A partir de 1650, le style du compositeur change, à la faveur de son goût pour les textes de Sebastiano Baldini, membre de l’Académie des humoristes. Avec l’avènement du successeur d’Innoncent X, Alexandre VII (1655), les Barberini reviennent à Rome et le compositeur retrouve la période fastueuse des années 1630 et 1640. En témoigne la première cantate du programme Salutate il nuovo Aprile écrite pour l’élection d’Alexandre VII dont l’ivresse vocale et sa suprême sensualité, la gravité aussi de certaines références poétiques du texte … font oublier le conventionnel d’une commande officielle. De toute évidence, voici l’autre meilleur morceau de ce récital lyrique très convaincant.

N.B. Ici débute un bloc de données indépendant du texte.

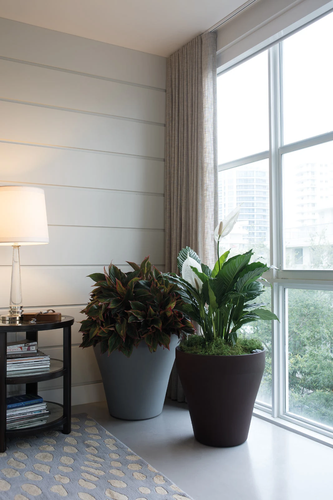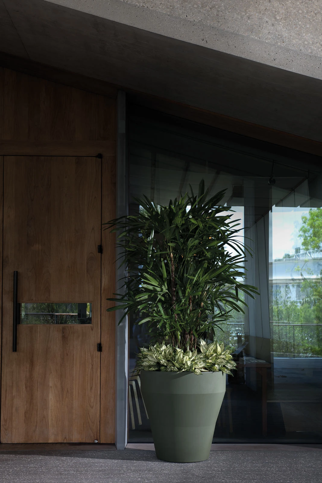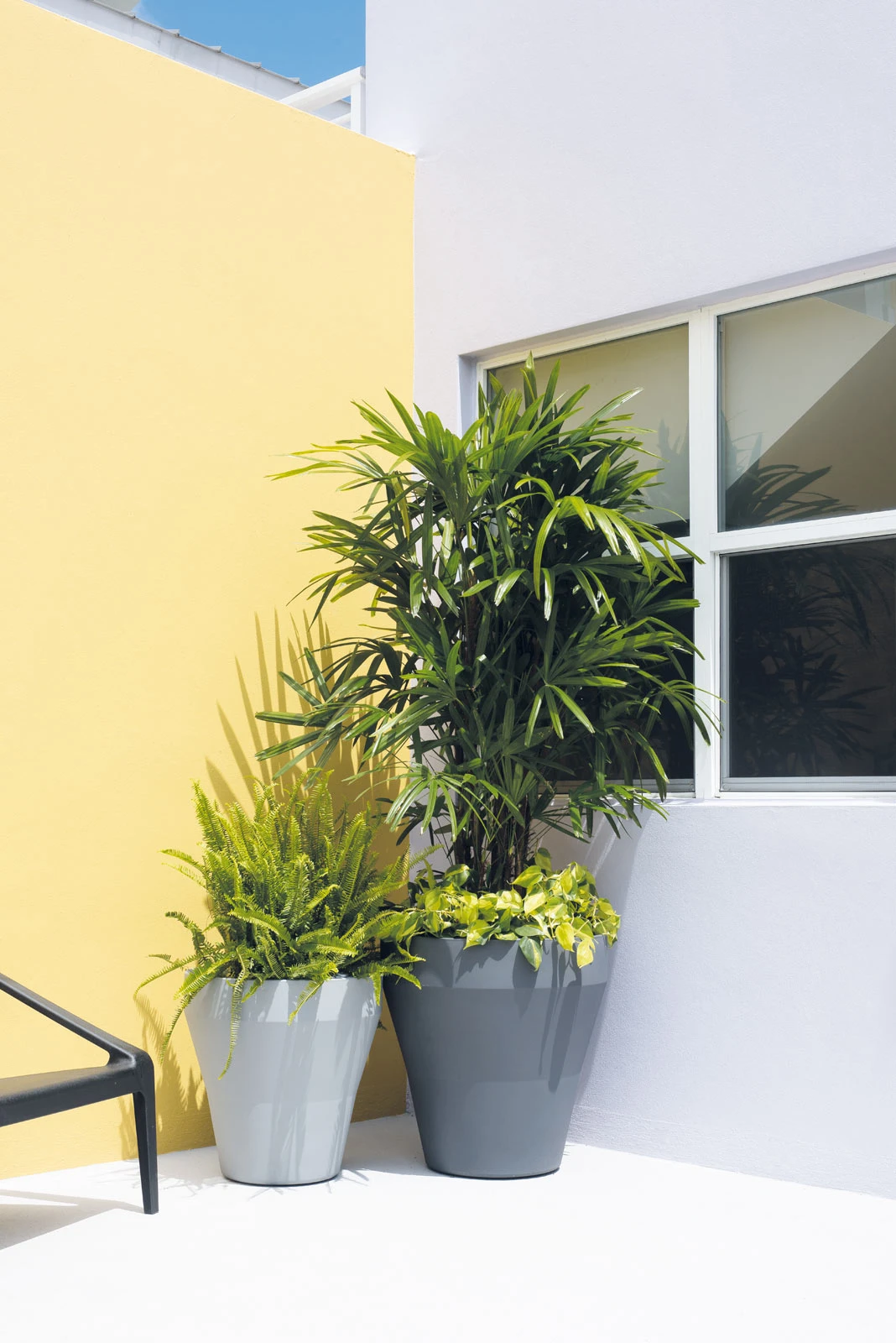 The Rim planters from Crescent are a reservoir planter with the TruDrop® system. They have a smooth texture and come in 18″, 23″, 26″ and 30″ and several color choices.

Oublions surtout les pièces pour violes, assez ennuyeuses (signées Cherubino Waesich) qui manquent d’une sérieuse approche impliquée, a contrario des épisodes chantés. Savourez comme nous l’ineffable effusion tendre de la cantate Sopra la rosa, superbe lamento caché, de  plus de 10 minutes, certainement écrit pour honorer une défunte trop tôt fauchée et peut-être aimée de notre compositeur. La clé du mystère Marazzoli se trouve toute entière dans ce chef d’oeuvre d’incarnation et d’exacerbation raffinées. Le programme vaut surtout pour ses trouvailles vocales à ranger parmi les meilleures réalisations dédiées à Marazzoli.